Remember the despair we had after she “rejected” The Defining Moment? When we no longer had the right to complain or even request, when all we could do was to wait, wait and pray?

And how about the heartache when the fancied Yuhang missed her first row seat? Or the numerous voting competitions, none of which we were fancied to win? Doesn’t matter we won most eventually, it’s worth rejoicing but nothing to be proud of; life goes on and we still ain’t fancied to win.

Sometimes I wonder if we even have any reason to not be humble. “Lux Veritas” is not yet a present tense. Even if it does become one finally, it doesn’t comes with lifelong guarantee.
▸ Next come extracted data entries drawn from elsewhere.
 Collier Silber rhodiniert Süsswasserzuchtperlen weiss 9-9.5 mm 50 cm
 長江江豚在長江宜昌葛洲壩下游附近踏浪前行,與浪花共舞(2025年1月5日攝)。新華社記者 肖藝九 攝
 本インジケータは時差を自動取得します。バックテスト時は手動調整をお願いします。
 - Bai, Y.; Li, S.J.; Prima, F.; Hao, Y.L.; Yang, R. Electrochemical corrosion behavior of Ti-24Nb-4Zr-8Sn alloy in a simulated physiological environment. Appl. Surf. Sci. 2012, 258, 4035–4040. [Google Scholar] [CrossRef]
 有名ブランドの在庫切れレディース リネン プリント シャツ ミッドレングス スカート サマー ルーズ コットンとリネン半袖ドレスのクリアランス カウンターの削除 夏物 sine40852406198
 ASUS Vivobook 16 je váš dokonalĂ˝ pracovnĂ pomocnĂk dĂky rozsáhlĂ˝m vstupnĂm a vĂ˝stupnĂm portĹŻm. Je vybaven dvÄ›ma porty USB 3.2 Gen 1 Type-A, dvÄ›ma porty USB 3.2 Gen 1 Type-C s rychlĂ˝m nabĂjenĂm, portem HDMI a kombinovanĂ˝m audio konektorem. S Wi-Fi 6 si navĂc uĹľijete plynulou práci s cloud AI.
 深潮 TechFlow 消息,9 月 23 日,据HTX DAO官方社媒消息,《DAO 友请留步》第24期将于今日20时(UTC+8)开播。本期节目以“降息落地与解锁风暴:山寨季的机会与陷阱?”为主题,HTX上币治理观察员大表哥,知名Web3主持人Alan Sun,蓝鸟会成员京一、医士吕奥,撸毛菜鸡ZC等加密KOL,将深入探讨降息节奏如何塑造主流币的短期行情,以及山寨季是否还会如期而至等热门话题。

I need a reminder or two at times too, but we will do fine together. Graciousness and humility, keep these in constant check :)

See | 1 Comment


29 June 2010 | 03:29 am
You See That?

One day I will say/ask this and then smile and nod at the same time :)

Me | Comments Off


26 June 2010 | 04:11 am
Now I understand

Why is it that the star we so love can seem as though it no longer shines..
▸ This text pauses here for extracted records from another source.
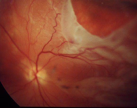 Als Ablatio oder Amotio retinae bezeichnet man die Ablösung der Netzhaut vom Pigmentepithel und von der dahinter liegenden Aderhaut. Zu den Risikofaktoren zählen vor allem: hochgradige Kurzsichtigkeit, diabetische Netzhautveränderungen, Entzündungen oder Tumore im Auge. Symptome: Wahrnehmung von Lichtblitzen, dann Verschleierung und Verschattung des Sehfeldes. Erblindungsgefahr, die durch rechtzeitige Behandlung gebannt werden kann: Laserkoagulation, Kälteanwendung, Wiederanlegen mithilfe einer Plombe (Bild: BVA)
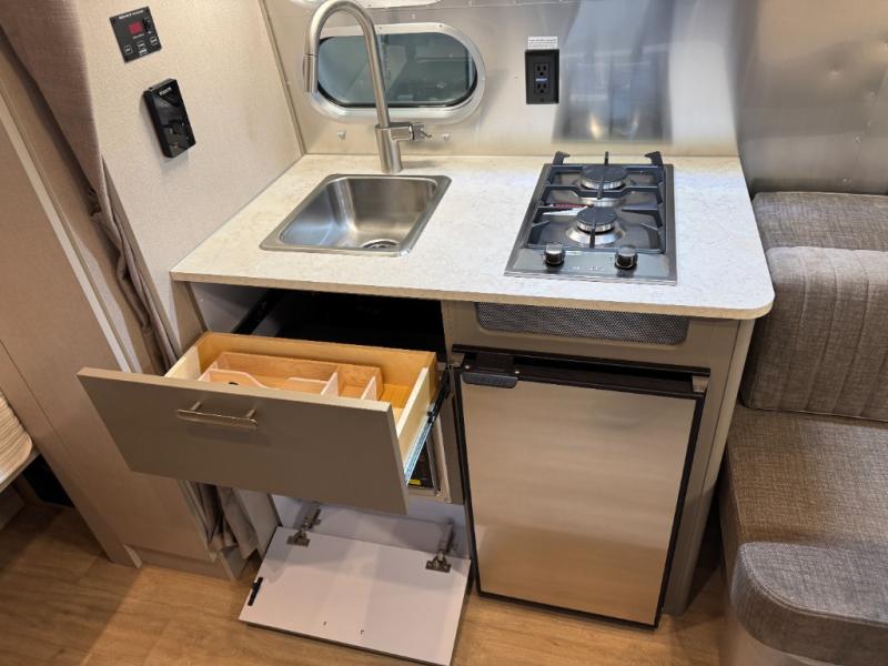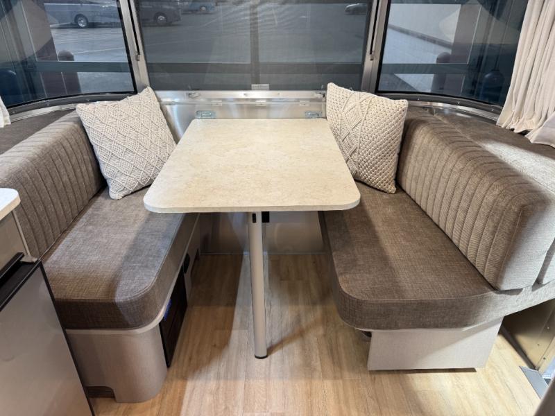 You'll always have a stylish and comfortable place to stay with the Airstream Caravel travel trailer! The manual Zip Dee patio awning can be paired with matching optional window awnings that can help keep the interior cool and private. The rear polished bumper with storage will help you keep your tools, cords, and more hidden away in a bonus storage space, and the JL Audio stereo with Bluetooth connectivity and four speakers, surround sound, and subwoofer will play your music throughout the trailer. You can stay powered while off the grid If you add the optional solar package, depending on the model you choose, and the blackout curtains will let you have privacy when you head to bed. The stainless steel front stone guard protection will prevent damage to the body of your trailer while towing, and the panoramic windows will make the interior fresh and bright with natural sunlight.
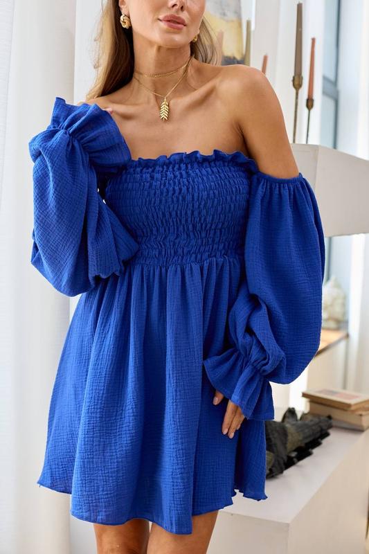 Новинка, которая уже в наличии🕊 Бавовняна сукня 🤍 Модель 5033 ▫Ткань: муслин, хлопок 100% ▫Размерный ряд: 42-46, 48-52 🏷810 грн Наши фото Реал Муслиновое легкое платье с рукавами воланами, утягивающей резинкой, которая визуально уменьшает талию<unk> Очень красиво подчеркивает формы и ложится по фигуре🌸
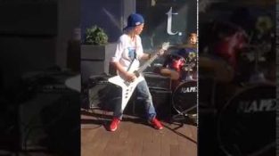 Ένα μικρό αγόρι προσπαθεί να μιμηθεί έναν τράγο, που χτυπά με τα κέρατά του μια μεταλλική πόρτα.
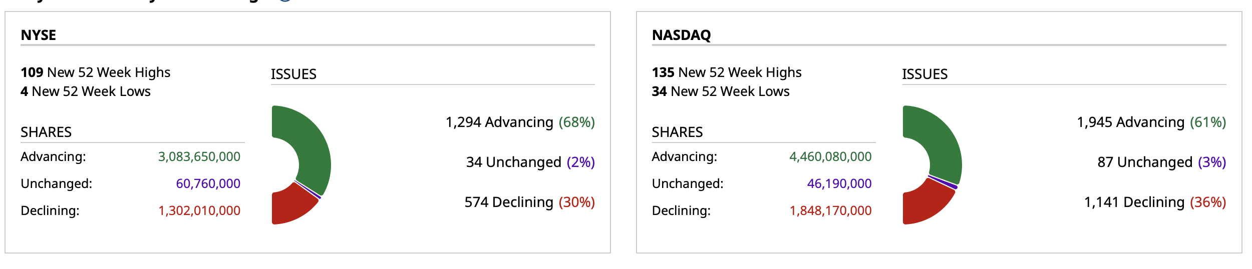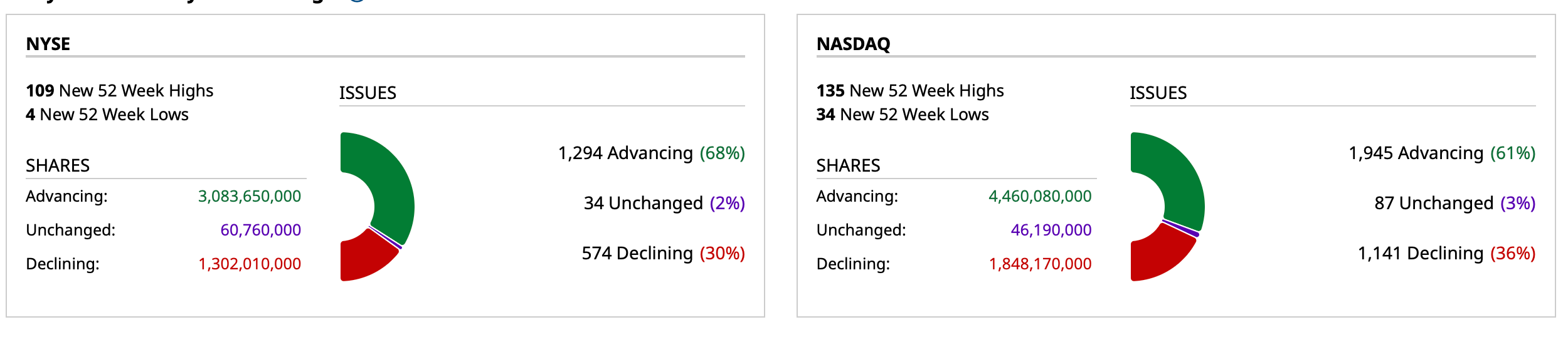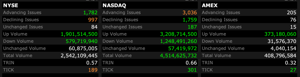 - NASDAQ volume 41% below its one-month average
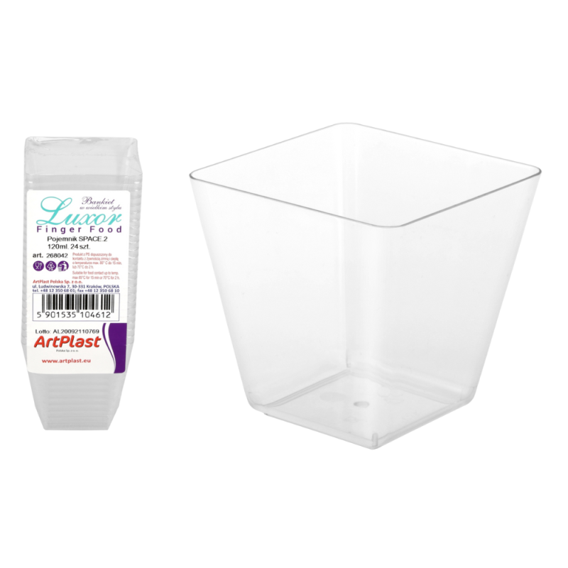 The Space 2 container is made of a transparent, glass-like material. A disposable container for mini-portions of snacks, desserts, and salads. It's perfect for business receptions, elegant banquets, weddings, tastings, birthdays, catering, or as a way to spice up a buffet.

Because the backdrop so black that supports and allows it to shine has changed..

Giving way to the bright daylight and the star is no longer the only thing that is bright..

The star didn’t lose its shine..

It’s still there, but not with our naked eyes..

So this is why, you walk away into the shade, and never look up into the sky or try..

Not, See | Comments Off


26 June 2010 | 03:52 am
The very moment

The very moment I thought I understood was the very moment I didn’t.

The very moment I thought I could be detached was the very moment I was sucked in.

The very moment I thought it was lovely was the very moment it was getting ugly.

The very moment I thought has arrived was the very moment that will never come.

The very moment I thought will never arrive was the very moment that came at the blink of eye.

This very moment, I thought of nothing, of nothing you thought I would be.

I know yet I don’t, but I know you don’t, or maybe you do? Still, whether you do or not is, n.o.m.b..

Me | Comments Off


26 June 2010 | 03:31 am
The Liar

I knew that the person couldn’t be trusted but I am terribly disgusted to discover the extensive lies told.

It doesn’t matter too much to me since I never trusted this person in the first place, but what if this person has been lying not just to me and everyone else, but……

For a person who has been wearing a changeable mask, how true and real can this person be? There better not be any harm or hurt, there better not be.

Not | Comments Off


04 June 2010 | 07:21 pm
一动不如一静

以不变应万变?

Not | Comments Off


04 June 2010 | 01:23 am
Are youths these days apathetic?

I have always felt indignant whenever my GP tutor (as in teacher) generalises us back in JC days. But now I wonder if my indignation was even justified to begin with.

I wouldn’t say I am a concerned youth, and these days, I pretty much regard myself as apathetic too; yet at the same time, I feel that the label “apathetic” on some other youths might actually be a compliment for them. They are not just unconcerned, they are selfish and self-centered.

Perhaps we all are, but has this situation worsened?